XGRIDS Pro Guide™ / Module 10: Resources

10.3 Accuracy Reference

What the published specifications actually mean, what conditions produce them, and how to choose the right accuracy method for each AEC project type.

What the Published Specifications Actually Mean

The accuracy figures published by XGRIDS are achievable results under defined conditions. They are not guaranteed outcomes from any scan regardless of technique, environment, or control strategy. Understanding what each number represents prevents misrepresentation to clients and unrealistic expectations in the field. RMSE figures also assume proper field procedure and unbiased error distribution. Real-world results can be affected by atmospheric conditions, antenna geometry, multipath from nearby structures, satellite count, baseline length to the correction source, and CRS or geoid configuration errors. Any of these can introduce systematic error that degrades outcomes below the published specification regardless of Fixed status or GCP count.

L2 Pro

1.0 cmRelative accuracy (RMSE)
3.0 cmAbsolute accuracy (RMSE) with RTK or GCPs
2.0 cmRepeat accuracy (RMSE)

K1

1.2 cmRelative accuracy (RMSE)
3.0 cmAbsolute accuracy (RMSE) with RTK or GCPs
2.0 cmRepeat accuracy (RMSE)

PortalCam accuracy note: The PortalCam produces 3D Gaussian Splat output only, not georeferenced point clouds. Published internal test data shows ranging error below 1% versus a laser ruler across multiple scenarios (2 outdoor, 1 indoor). Absolute coordinate output is not applicable. The PortalCam is designed for visualization and measurement within LCC Studio, not for geospatially anchored deliverables.

Relative Accuracy

Relative accuracy is the internal consistency of the point cloud: whether a wall is planar, whether measured dimensions repeat reliably, whether the geometry holds across the full scan without distortion. A scan with good relative accuracy looks correct and measures correctly within itself, even if it is not registered to any real-world coordinate system.

Relative accuracy is achieved through correct technique and loop closure. It does not require RTK, GCPs, or any external reference. It is the baseline result from any properly executed scan with genuine loop closures throughout the route. In environments with poor scene structure, long linear paths without loops, or technique errors, relative accuracy degrades regardless of which device is used.

Absolute Accuracy

Absolute accuracy is how closely the point cloud registers to a real-world coordinate system. It requires external control: RTK, PPK, or surveyed ground control points. Technique alone cannot produce absolute accuracy, no matter how well the scan is executed.

The 3.0 cm RMSE absolute accuracy figure applies when RTK or GCPs are used correctly. It is not the accuracy of a pure SLAM scan. A scan without any georeferencing has no defined absolute accuracy because it has no connection to a coordinate system.

The Two Sources of Elevation Error

Elevation error in SLAM scans comes from two independent sources that must be addressed separately:

IMU leveling error: The SLAM system uses the IMU to determine level. The average IMU leveling error is approximately 0.07 degrees. Over large areas, this small angular error compounds into meaningful elevation discrepancy. RTK eliminates this error by providing an absolute vertical reference.
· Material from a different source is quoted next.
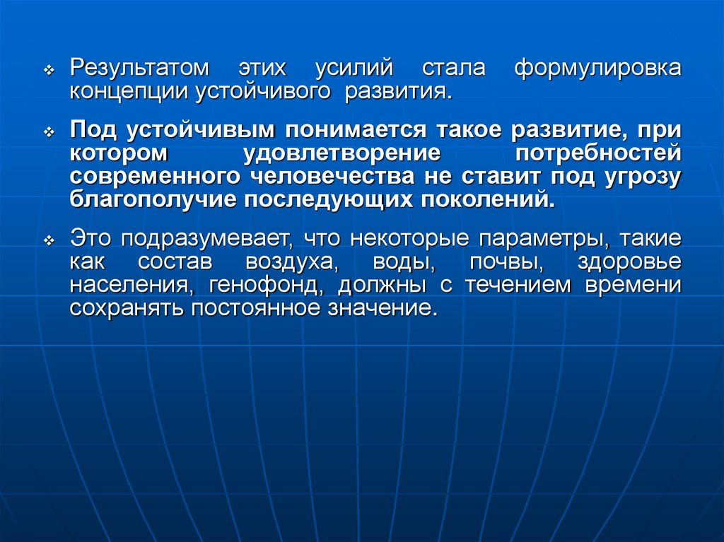 Результатом этих усилий сталаконцепции устойчивого развития.

Surveyed GCPs with Z coordinates also eliminate it.

SLAM accumulated drift: SLAM systems accumulate positional error in X, Y, and Z over distance due to the absence of absolute constraints. Loop closure distributes and reduces this error. Ground control points constrain it. The denser the control point network, the smaller the residual drift error. RTK alone does not fully address SLAM drift across long trajectories.

This is why the hybrid approach (RTK plus GCPs) produces the best results for demanding projects: RTK eliminates IMU leveling error and GCPs constrain accumulated SLAM drift across the dataset. Each addresses a different error source.

What Loop Closure Does and Does Not Fix

Loop closure is the mechanism by which SLAM corrects accumulated drift. When the scanner returns to a previously visited area and the algorithm detects the match, it measures the accumulated error and distributes the correction back across the trajectory. Loop closure requires two conditions: you physically return to an area you have already scanned, and your viewing angle when you return is within approximately 40 degrees of your original angle at that location.

Loop closure improves relative accuracy. It does not provide absolute accuracy. A perfectly looped scan with no georeferencing still has no connection to a real-world coordinate system.

Realistic Accuracy Outcomes by Method

The following table shows the accuracy outcomes achievable with each control method, the conditions required to achieve them, and the factors that degrade each result. These ranges reflect field reality, not idealized test conditions.

Method
Typical Result
Required Conditions
What Degrades It
Notes
Pure SLAM, no georeferencing
Relative accuracy: 1.0–1.2 cm RMSE (L2 Pro / K1)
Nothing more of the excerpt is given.